2-3 What is actually going on here?

In practice, performing Strand-seq phasing now just requires running ./Strand-seq/strandseq_phase.R as described above. The rest of Section 2 of this user guide just describes what the phasing method is actually doing.

2-3-1 Composite files

Strand-seq libraries are typically low-coverage, and this makes it hard to discover and genotype small inversions. To address this, we use the R package InvertypeR to combine data from many libraries into two composite files: one built from regions of libraries where all reads mapped with the same orientation (Watson-Watson or Crick-Crick regions), and one where reads mapped with both orientations (Watson-Crick). The latter file entails a phasing step to distinguish cases where (for an autosome) homolog 1 gave the forward reads and homolog 2 gave the reverse reads, rather than homolog 1 giving reverse reads and homolog 2 giving forward reads. Apart from identifying and phasing such regions, this process is effectively a problem of merging BAM files (loaded into R) and reorienting reads in some cases.

2-3-2 Inversion genotyping

The main InvertypeR function, which genotypes inversions, takes as input a list of positions to examine. To obtain a list of putative inversions de novo, we run BreakpointR on the composite files three times with different bin sizes and extract the coordinates of short segments of the genome with unexpected read orientations (such as inversions might give). We combine this with a list of inversions from the literature.

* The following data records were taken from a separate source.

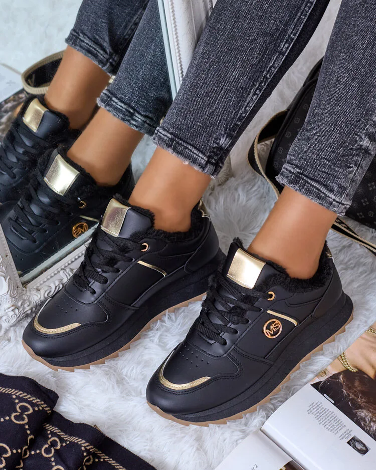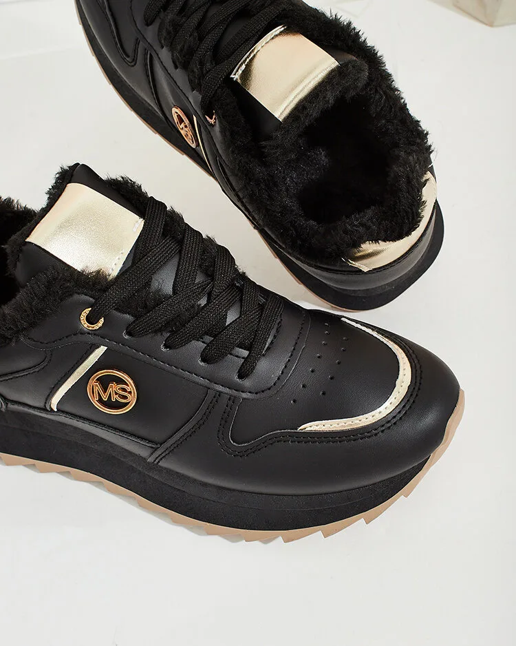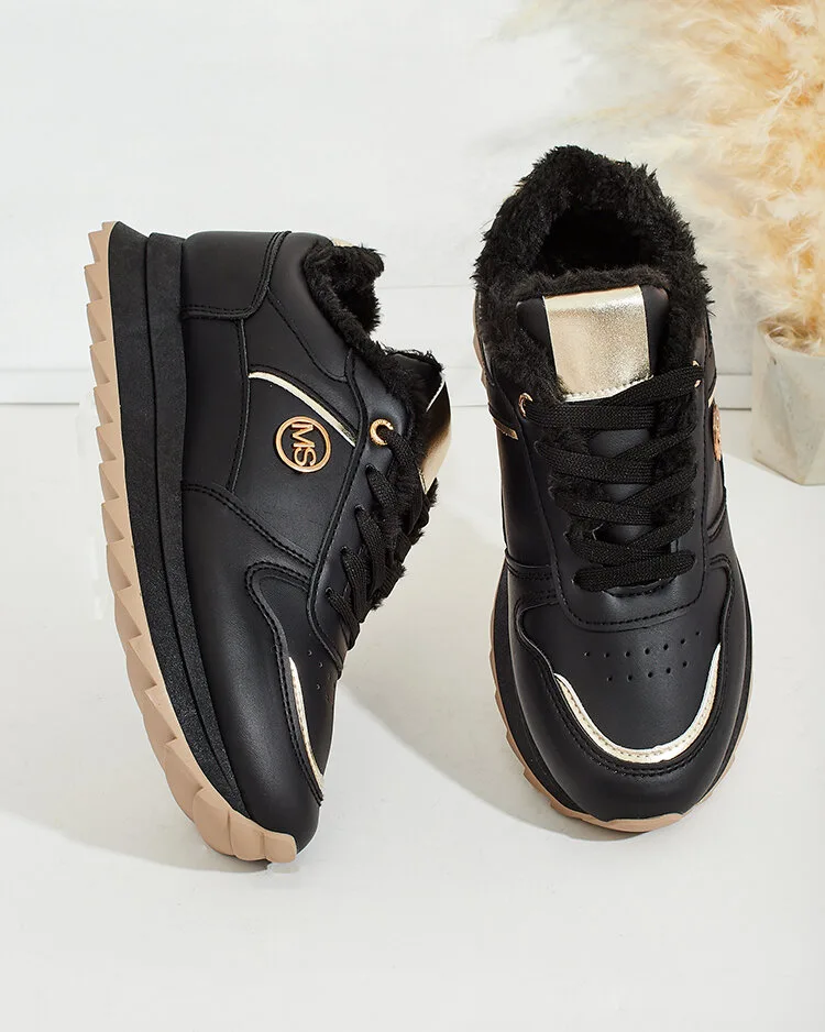 - Baskets sportives pour femme sur une semelle plus épaisse. Dessus lacé en cuir écologique. Intérieur entièrement isolé avec de la fourrure. Idéales pour les jours les plus froids !
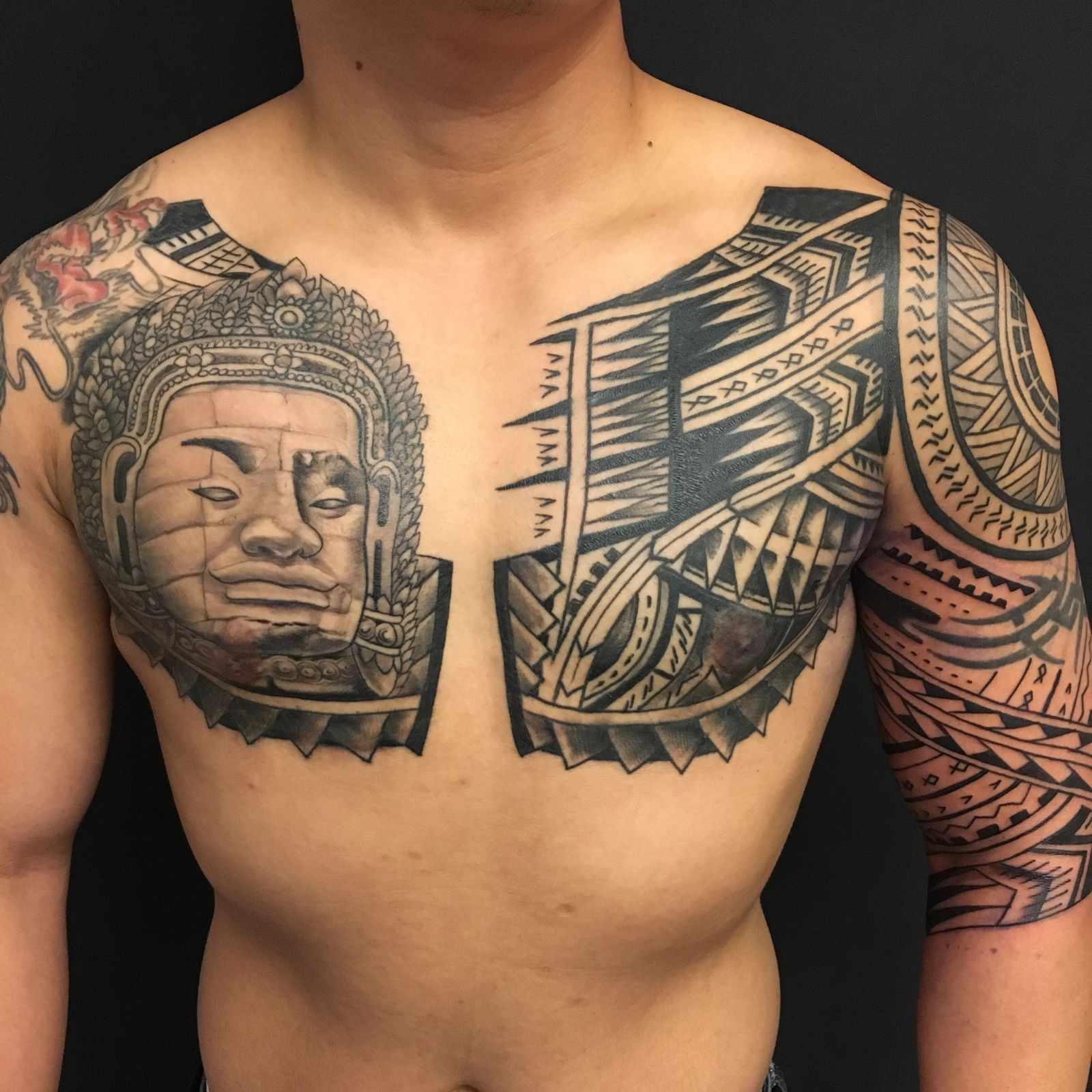 Scar cover up tattoo by Shane Wallin #ShaneWallin #scarcoveruptattoo #scarcoverup #genderconfirmation #genderconfirmationtattoo #topsurgeryscarcoverup #topsurgerytattoo
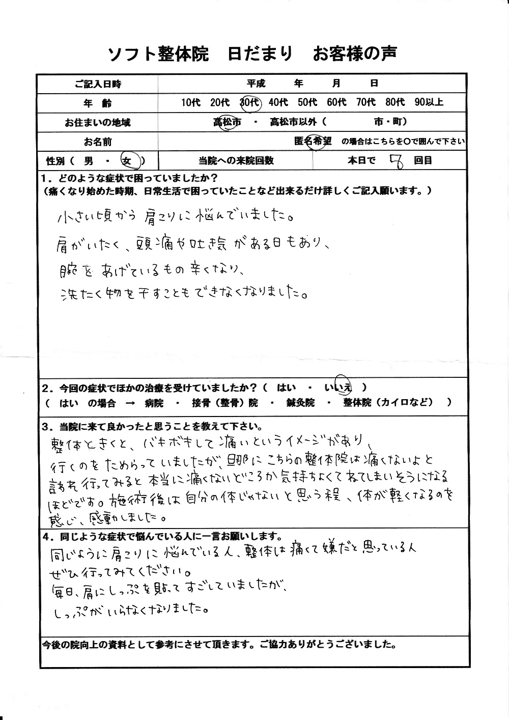 小さい頃から肩こりに悩んでいました。肩がいたく、頭痛や吐き気がある日もあり、腕をあげるのも辛くなり、洗たく物を干すこともできなくなりました。

InvertypeR counts reads inside the putative inversions by orientation in each composite file. Using a simple Bayesian model of read counts, posterior probabilites for inversion genotypes are calculated (effectively a comparison of the actual read count pattern with expected read count patterns for the various genotype and error signals). InvertypeR also resizes inversions if the coordinates do not perfectly match the region with reversed read orientations. We take inversions with a posterior probability above 95% for either the heterozygous or homozygous genotype. Since InvertypeR is run separately (with different prior probabilities) for the putative inversions obtained from the literature or from BreakpointR (above), we then combine them by merging overlapping inversions subject to some constraints. Only inversions larger than 10 kb are used to correct phasing.

2-3-3 Phasing

All the above inversion calling is used to correct or refine SNV phasing inside inversions (where Strand-seq would otherwise make mistakes). This is important for the iDMRs that fall inside inversions, and when variants of interest fall inside inversions. We use StrandPhaseR to phase the nanopore-derived SNVs, and then we correct the phasing within inversions using the StrandPhaseR tool correctInvertedRegionPhasing(). For this process, first we identify Watson-Crick regions (aka WC regions; used for phasing) with BreakpointR, and then StrandPhaseR assigns alleles that appear in reads with opposite orientations to different homologs (assuming the reads are in the same WC region or chromosome in the same cell). It then combines the phase information from many cells to produce a consensus phased VCF. The inversion correction step then effectively switches the haplotypes of alleles inside homozygous inversions and either (i) re-phases alleles inside heterozygous inversions or (ii) removes snvs inside heterozygous inversions from the output VCF file. A more complete step-by-step guide to using StrandPhaseR (excluding the inversion correction) can be found here.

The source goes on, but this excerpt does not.